## EXERCISE
Take the material below and output exactly the run of lines from the one containing "A comforting twist" down to the one containing "parcel을 통해서 타입스크립트를", with both included.
(Beginning of ENTRIES SUPPLIED)
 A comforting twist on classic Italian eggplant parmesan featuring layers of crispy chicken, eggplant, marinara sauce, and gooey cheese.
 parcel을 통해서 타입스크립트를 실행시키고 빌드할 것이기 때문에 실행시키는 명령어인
(End of ENTRIES SUPPLIED)
(Beginning of ENTRIES SUPPLIED)
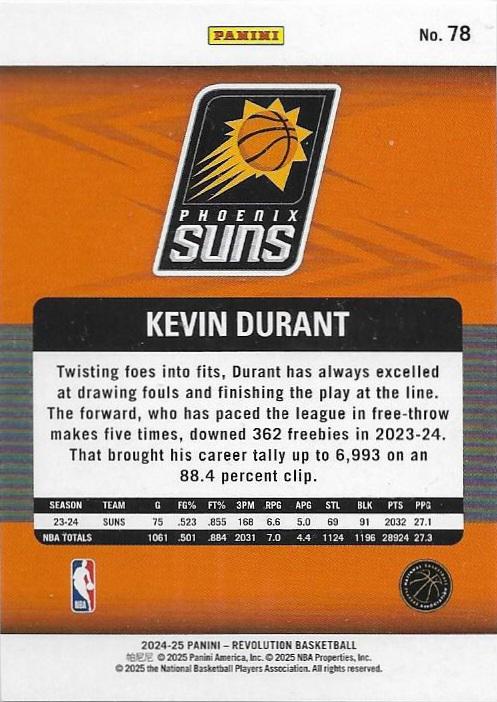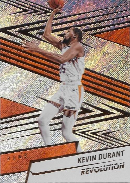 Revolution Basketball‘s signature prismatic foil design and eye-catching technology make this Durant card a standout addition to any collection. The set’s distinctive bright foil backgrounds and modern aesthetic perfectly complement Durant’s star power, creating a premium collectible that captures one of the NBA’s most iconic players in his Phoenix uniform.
(End of ENTRIES SUPPLIED)
## RESPONSE FOR THIS EXERCISE
 A comforting twist on classic Italian eggplant parmesan featuring layers of crispy chicken, eggplant, marinara sauce, and gooey cheese.
 parcel을 통해서 타입스크립트를 실행시키고 빌드할 것이기 때문에 실행시키는 명령어인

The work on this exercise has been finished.